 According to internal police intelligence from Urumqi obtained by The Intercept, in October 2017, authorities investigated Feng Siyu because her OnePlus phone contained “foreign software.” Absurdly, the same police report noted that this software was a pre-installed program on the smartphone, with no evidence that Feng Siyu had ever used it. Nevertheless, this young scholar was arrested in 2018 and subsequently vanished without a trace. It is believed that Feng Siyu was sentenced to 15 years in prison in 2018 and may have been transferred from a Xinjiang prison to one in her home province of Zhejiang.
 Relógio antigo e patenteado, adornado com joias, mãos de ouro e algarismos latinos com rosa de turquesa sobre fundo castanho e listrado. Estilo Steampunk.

# # # #

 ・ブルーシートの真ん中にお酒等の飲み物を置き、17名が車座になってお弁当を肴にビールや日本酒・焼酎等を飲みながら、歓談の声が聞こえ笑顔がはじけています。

# # # #

### ASSIGNMENT:
The range runs from the line above containing "According to internal" to the line containing "Relógio antigo e", inclusive. Restate those lines word for word and no others.

### EXERCISE OUTPUT:
 According to internal police intelligence from Urumqi obtained by The Intercept, in October 2017, authorities investigated Feng Siyu because her OnePlus phone contained “foreign software.” Absurdly, the same police report noted that this software was a pre-installed program on the smartphone, with no evidence that Feng Siyu had ever used it. Nevertheless, this young scholar was arrested in 2018 and subsequently vanished without a trace. It is believed that Feng Siyu was sentenced to 15 years in prison in 2018 and may have been transferred from a Xinjiang prison to one in her home province of Zhejiang.
 Relógio antigo e patenteado, adornado com joias, mãos de ouro e algarismos latinos com rosa de turquesa sobre fundo castanho e listrado. Estilo Steampunk.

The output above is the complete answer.